Unnamed: 0,freq,age,agedef,c_birth,unit,sex,geo,2013,2014,2015,2016,2017,2018,2019,2020,2021,2022,2023
0,A,TOTAL,COMPLET,CC5_13_FOR_X_IS,NR,F,AT,4085,4093,4723,4827,,4130,4286,,,,
1,A,TOTAL,COMPLET,CC5_13_FOR_X_IS,NR,F,BE,1407,953,1017,1004,,1364,1514,,,,
2,A,TOTAL,COMPLET,CC5_13_FOR_X_IS,NR,F,BG,743,577,559,586,,1413,1659,,,,
3,A,TOTAL,COMPLET,CC5_13_FOR_X_IS,NR,F,CH,2758,2766,2876,3109,,3209,3198,,,,
4,A,TOTAL,COMPLET,CC5_13_FOR_X_IS,NR,F,CZ,155,106,120,414,,736,1013,,,,


In [None]:
# Drop "unit" as it has only one value
immigration_ds = immigration_ds.drop(columns="unit")
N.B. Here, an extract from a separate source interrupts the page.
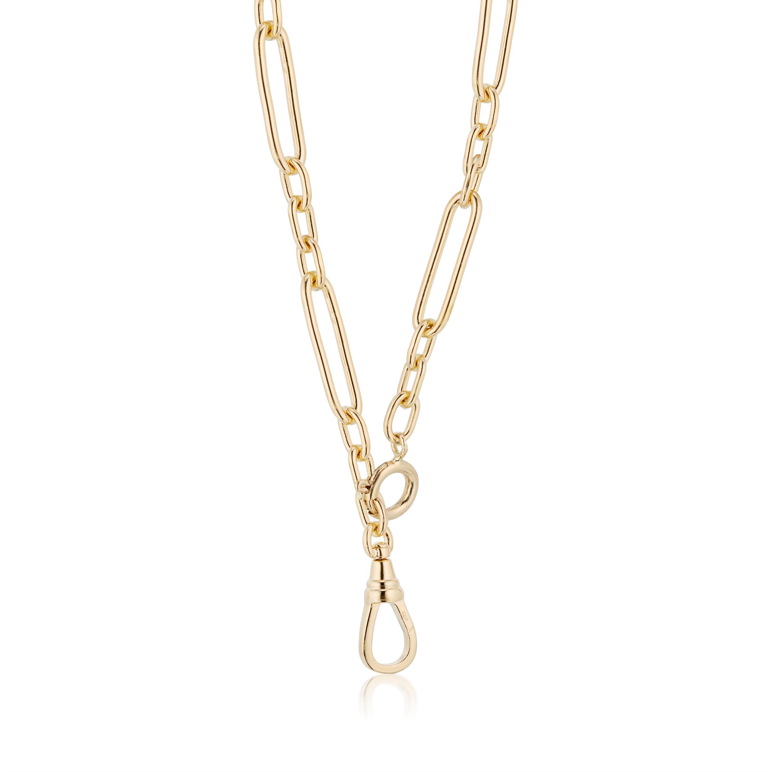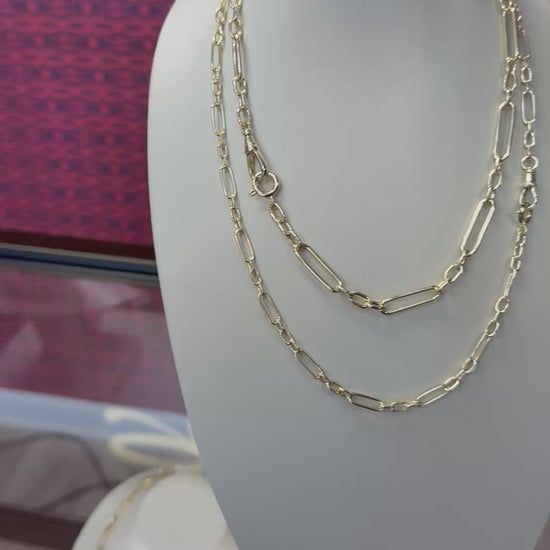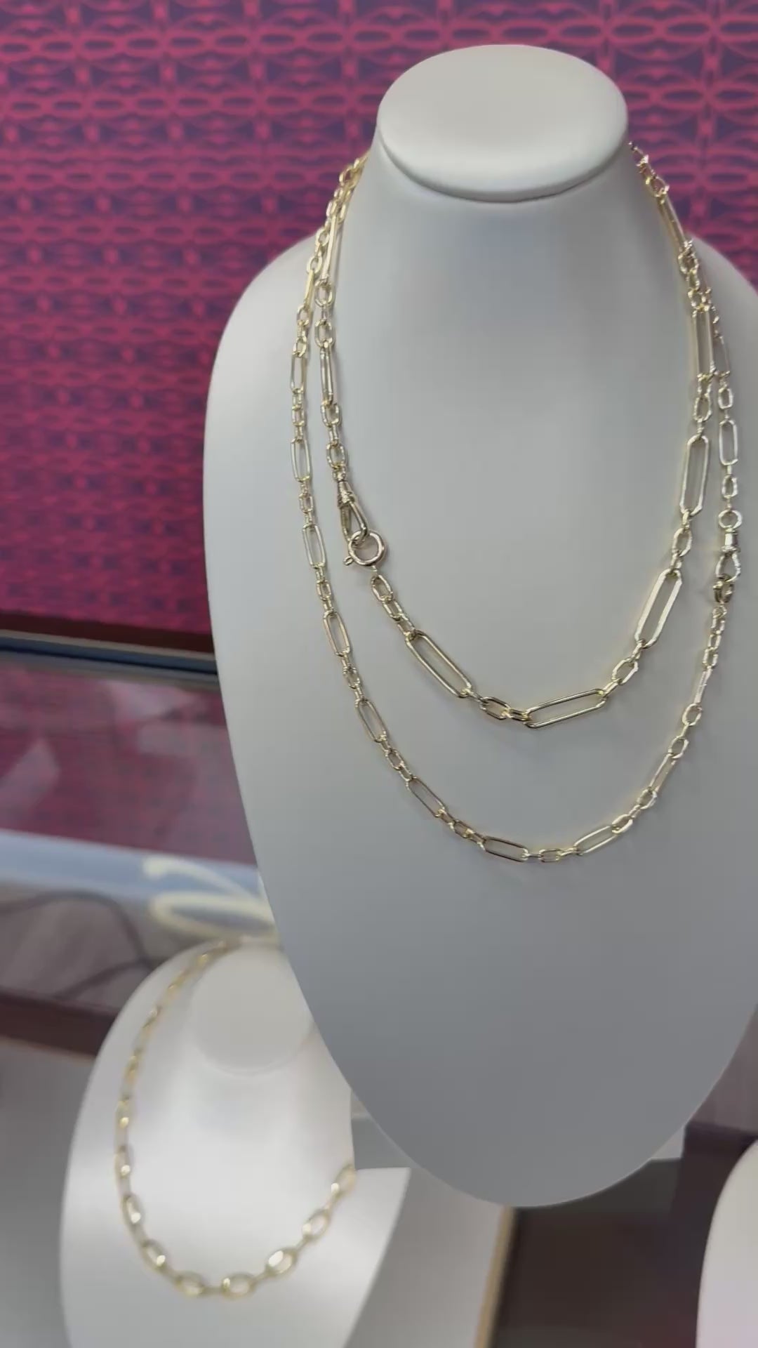 From the first link to the last, this handcrafted trombone chain is a nod to vintage style. Carefully crafted from solid (not hollow) 1.63 & 1.29mm wire, every link is individually formed, connected, and soldered to create a striking yet durable design. The chain features two distinct, prefabricated clasps: a sleek spring ring clasp on one end and a bold dog clip clasp on the other for endless versatility. The 14k chain is finished with a round spring ring clasp, while the 18k has a flat spring ring clasp. Attach your most-loved pendants for a personalized twist or keep the clasps out of sight for a refined collar effect

### Now invert format from wide to long

In [None]:
long_columns = ["freq", "age", "agedef", "c_birth", "unit", "sex", "geo", "year", "nr"]
rows = []

years = ["2013", "2014", "2015", "2016", "2017", "2018", "2019", "2020", "2021", "2022", "2023"]
expected_length = len(years) * new_ds.shape[0]
i, one_perc = 0, int(expected_length / 100)
for idx, row in new_ds.iterrows():
    if i > one_perc:
        print(f"Processing row {idx}/{len(new_ds)} {(idx * 100 / len(new_ds)):.0f} %")
        i = 0
    for year in years:
        values = row.iloc[:7].tolist()
        nr = row[year]
        values.extend([year, nr])
        rows.append(values)
    i += 1

long_df = pd.DataFrame(rows, columns=long_columns)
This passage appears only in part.